Avoiding Those “Homework Headaches”

Posted on: September 15, 2011

Now that school is in full swing,  so are the “Homework Headaches”. This can be a daily nightmare effecting your child’s behavior, sleep and relationship with you.  There’s begging, arguing, screaming, and punishing – and that’s just your child! Hitting the bottle and popping pills are some common ways that parents deal with this. Does it have to be this way? NO! But to avoid this dilemma, it’s important to get off to a good start. Here are some tips for making this year different and more peaceful.

1. Begin with the mindset that “we” don’t have homework – your child does! Homework is one of their first independent responsibilities and there is much to be learned from this. If you do homework for your child, sit with them the whole time  or help excessively, you are taking away the opportunity for them to become self-sufficient and have confidence in their abilities to tackle hard things. They can become reliant on your presence or participation and develop what’s called a “learned helplessness”.

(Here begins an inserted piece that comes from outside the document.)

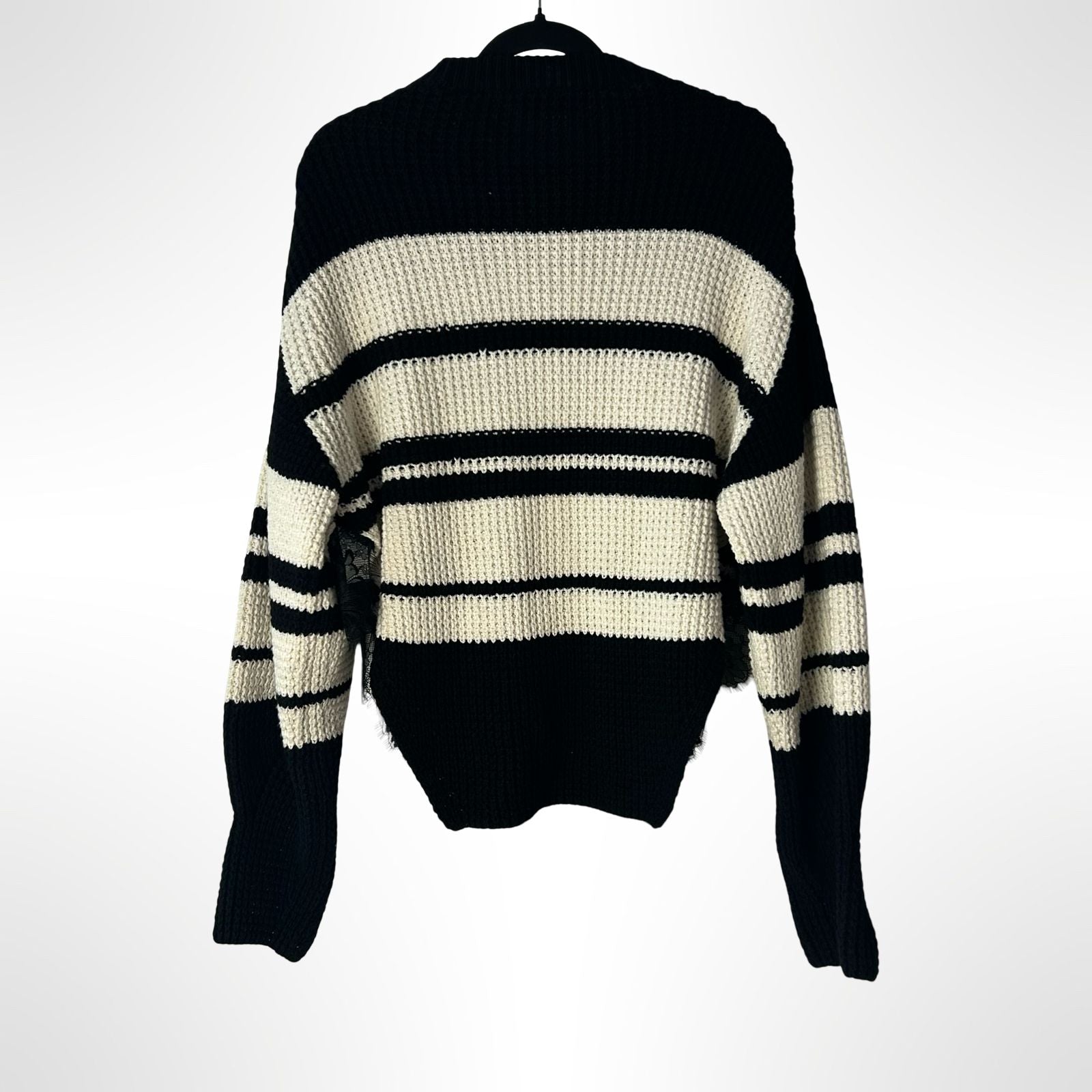 Stunning black and white stripe knitted jumper with lace trim.

2. However, it’s a good idea  to begin the year by having some involvement.  Start by determining a schedule for their homework responsibilities. For young children, set up a consistent routine of coming home, having a snack and relaxing for a half hour before beginning homework. (Without using “screens” which can be hard to turn off!)  This gives them a necessary break. For children who have after-school activities, it helps to work out the best possible schedule for each day.  You want to avoid homework being done right before bed when they are exhausted, rushed and more likely  to be uncooperative. For older children who are becoming independent, having them develop their own schedule might be more appropriate with the caveat that they must get sufficient sleep in order to be healthy and ready for the next day. Older children may also have weekend homework. Have them experiment with what part of the weekend works best for them and for family plans – some like to get it out of the way on Friday; others prefer Saturday or Sunday. A time to put ‘off limits’ is Sunday night which can then feel very pressured and lead to the “homework headaches”.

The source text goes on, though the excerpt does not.